Je sais ce qu'il y a de partialité, d'égoïsme narcissique et d'injustice (injuste appropriation) à citer les extraits d'autrui - pour ne pas avoir à suer sang et eau à les écrire soi-même ? avec ce résultat que l'on sait pertinemment devoir être sans commune mesure de pertinence et de qualité(s), sans comparaison possible assurément. En même temps, pourquoi pas ! après tout : se nourrir de l'abondance publique - publiée - reste un moyen de s'assurer quelques prises sur la vertigineuse façade de la vie. Donc pas d'états d'âme, pour un semblant d'être seulement (survivre, déjà). Et un partage à distance dont la proximité pourtant, miraculeusement, parfois saisit.

avec Camus*

"En poussant jusqu'à son terme cette logique absurde, je dois reconnaître que cette lutte suppose l'absence totale d'espoir (qui n'a rien à voir avec le désespoir), le refus continuel (qu'on ne doit pas confondre avec le renoncement) et l'insatisfaction consciente (qu'on ne saurait assimiler à l'inquiétude juvénile). Tout ce qui détruit, escamote ou subtilise ces exigences (...) ruine l'absurde et dévalorise l'attitude que l'on peut alors proposer. L'absurde n'a de sens que dans la mesure où l'on y consent pas.
Il existe un fait d'évidence qui semble tout à fait moral, c'est qu'un homme est toujours la proie de ses vérités. Une fois reconnues, il ne saurait s'en détacher. Il faut bien payer un peu."
Ah au fait j'y pense soudainement, le premier tour est prévu dimanche prochain le 22 avril et le second normalement, ce sera le 6 mai.
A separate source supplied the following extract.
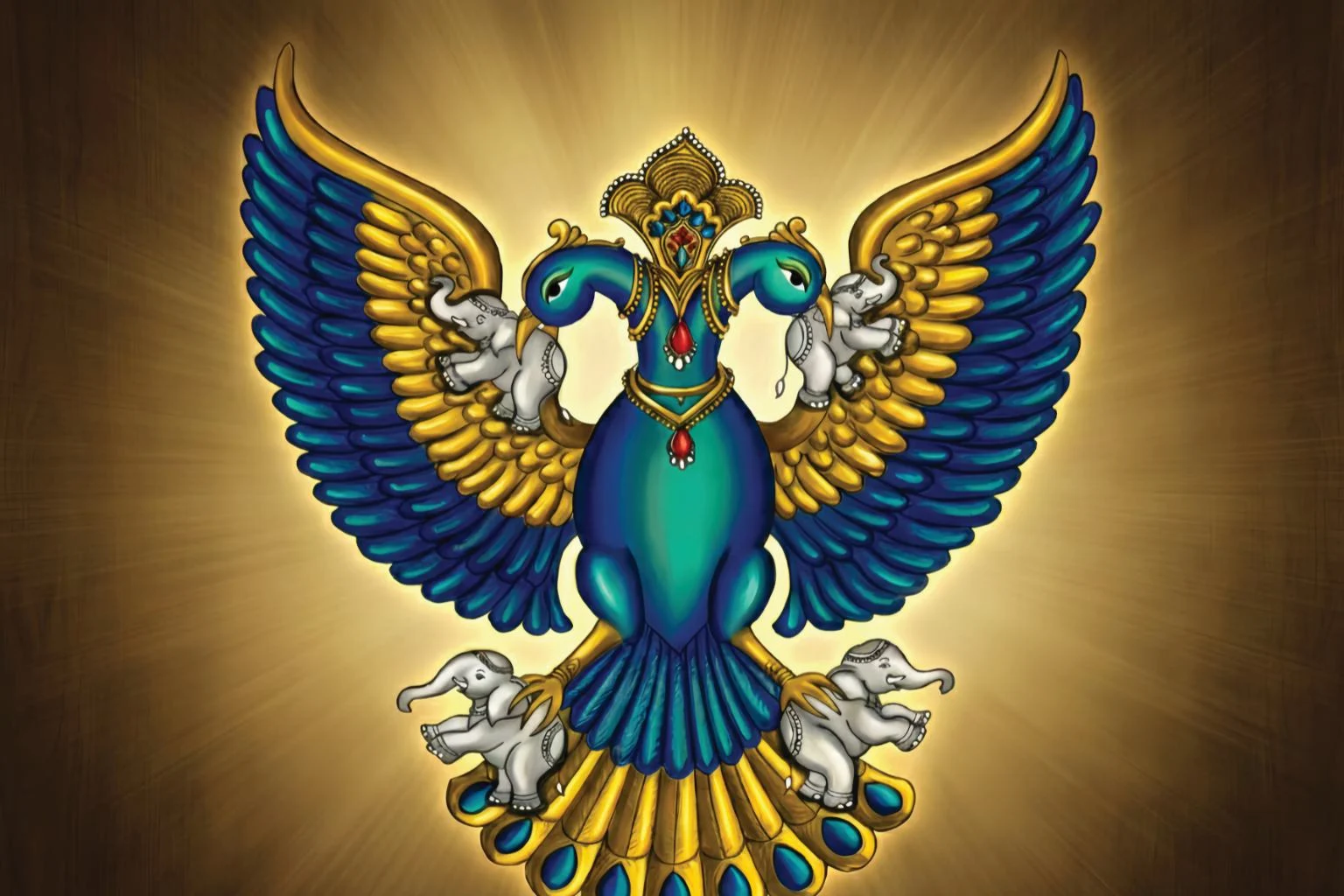 Divine Garuda Canvas Wall Art 5×3 Feet – Floating Frame in Gold – Living Room Wall Décor
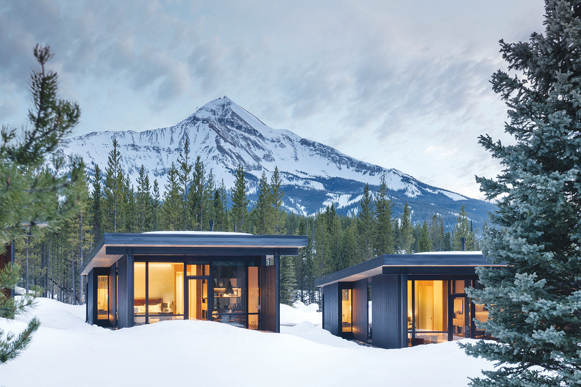 Set on 240 acres bordered by the protected lands of Montana’s Greater Yellowstone Ecosystem, One&Only Moonlight Basin is a new, year-round luxury destination for skiing, snowboarding, horseback riding and golf. Designed by Olson Kundig to complement panoramic views of Big Sky’s pristine wilderness (left), the resort offers lodging in rooms, suites, luxury cabins (top and above) or private vacation homes. Dining options include The Landing at the Sky Lodge; Akira Back, a Japanese-style grill serving steak and game; all-day fare at Wildwood café and elevated cocktails at Dear Josephine lounge. A wellness spa with indoor pool prioritizes recovery and relaxation. Rooms from $1,100. oneandonlyresorts.com

Et "le pire n'est jamais sûr".

*Le mythe de Sisyphe

7.4.12

2nd round: la Pen vs. Melenchon ?

à l'impossible nul n'est tenu
ou
I would prefer not to
Certes, mais ..................................................................
..................................................................................
..................................................................................

et aussi : en Avril ne te découvre pas d'un fil
aux abris!
et encore, in Aprile*: "Sono pronto, sono quasi pronto"


*Nanni Moretti

à chaque heure suffit sa pen

Le 11 janvier dernier (déjà! comme le temps passe) j'ai publié sur ce blog un article -qui m'a valu quelques retours (!) roboratifs-, sous le titre: "la Pen, présidente de la R.F.! oui, c'est possible". Je ne fais aujourd'hui que répéter: Oui, étant donné l'excellente campagne que mène Nicolas Sarkozy et les "qualités particulières" du candidat (se référer notammnent à l'article qui précède), il est possible, c'est une éventualité parfaitement envisageable, que la pen soit présente au deuxième tour de l'élection présidentielle. Persiste et signe.